BAGHDAD (AP) — The killings of five U.S. soldiers in separate attacks in Baghdad pushed the American death toll for last month up to 49, making it the deadliest month since September.
One soldier died when his vehicle was struck by a roadside bomb. The second died of wounds sustained when he was hit by small-arms fire, the military said yesterday. Both incidents occurred Tuesday in northwestern Baghdad.
A third soldier died after being struck by a bomb while on a foot patrol early yesterday in a northern section of the capital, while another roadside bomb killed two American soldiers in southern Baghdad, the military said in separate statements.
The spike in U.S. troop deaths comes as intense combat has been raging in Sadr City and other neighborhoods between Shi’ite militants and U.S.-Iraq troops for more than a month.
In all, at least 4,061 members of the U.S. military have died since the Iraq war started in March 2003, according to an Associated Press count.
The U.S. military said at least 10 gunmen had been killed in three separate clashes in eastern Baghdad late Tuesday and yesterday.
The latest fighting erupted at the end of March after Prime Minister Nouri al-Maliki launched a crackdown against Shi’ite militias in the southern port city of Basra. But it quickly spread to Baghdad’s Sadr City, a sprawling slum with about 2.5 million people that is a stronghold of the Mahdi Army militia of anti-American cleric Muqtada al-Sadr.
The militiamen have used the district as a base to fire barrages of missiles and mortar rounds at the U.S.-protected Green Zone, which houses much of the Iraqi government and Western diplomatic missions.
They also have fought running street battles in which hundreds have died. The U.S. military says those killed have been mainly gunmen. But police and medical authorities in Sadr City say innocent civilians frequently have been caught up in the fighting.
Tahseen al-Sheikhly, the spokesman for the civilian side of Baghdad security operations, said yesterday that 925 people had died and 2,605 were wounded in Sadr City. But he gave no time frame or details about how the figure was reached.
Previous Interior Ministry casualty figures for the past month had indicated that less than 400 people had perished.
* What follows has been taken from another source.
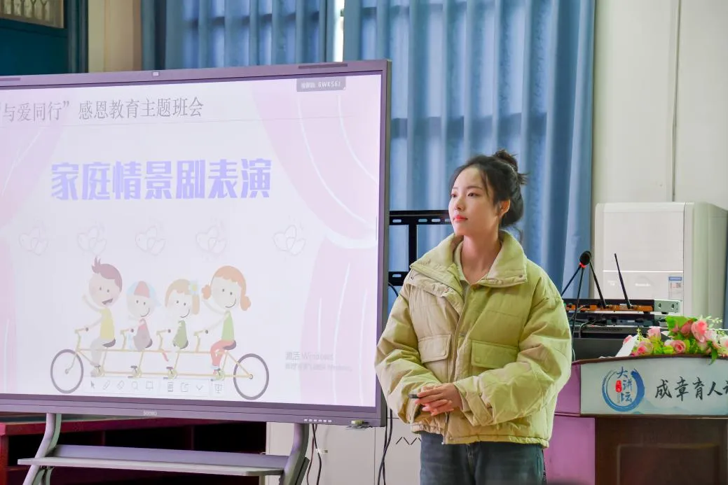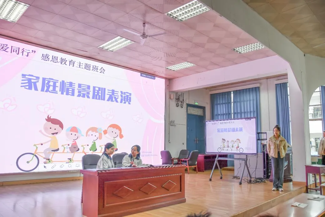 曹丹老师“与爱同行”感恩主题班会温情满满。家庭情景剧揭开序幕,亲子吐槽大会袒露心声,它们于真实分享中打破了亲子“屏障”。而视频《妈妈的不易》触动心弦,朗诵诠释爱的细节,宣誓铿锵表志,于青春心田种下感恩种子,让爱在点滴中不再含蓄,温暖流淌在教室每个角落。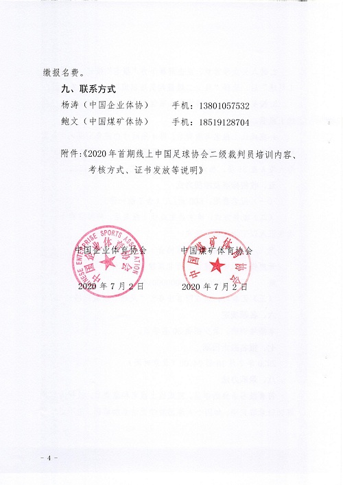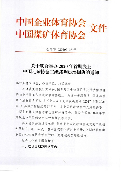 在堅決貫徹執行黨中央、國務院關于統籌推進疫情防控和經濟社會發展工作決策部署的基礎上,為進一步踐行《中國足球改革發展總體方案》、將《中國職工足球發展規劃(2017年至2026年)》具體工作陸續落到實處,在中國足球協會的大力支持下,中國企業體育協會與中國煤礦體育協會,將聯合舉辦2020年首期線上中國足球協會二級裁判員培訓班。

Officials at the Baghdad military operations center said they could not confirm Mr. al-Sheikhly’s count.
Also in Sadr City, AP Television News footage showed a school that had been severely damaged by an explosion on Tuesday. Parts of the two-floor building had pancaked as the result of the blast. Desks were hanging down from the slanting classrooms where the outer walls were blown out by the blast.
Speaking with reporters yesterday, Mr. al-Maliki accused the Mahdi Army of using civilians as human shields and vowed to continue the crackdown against militias.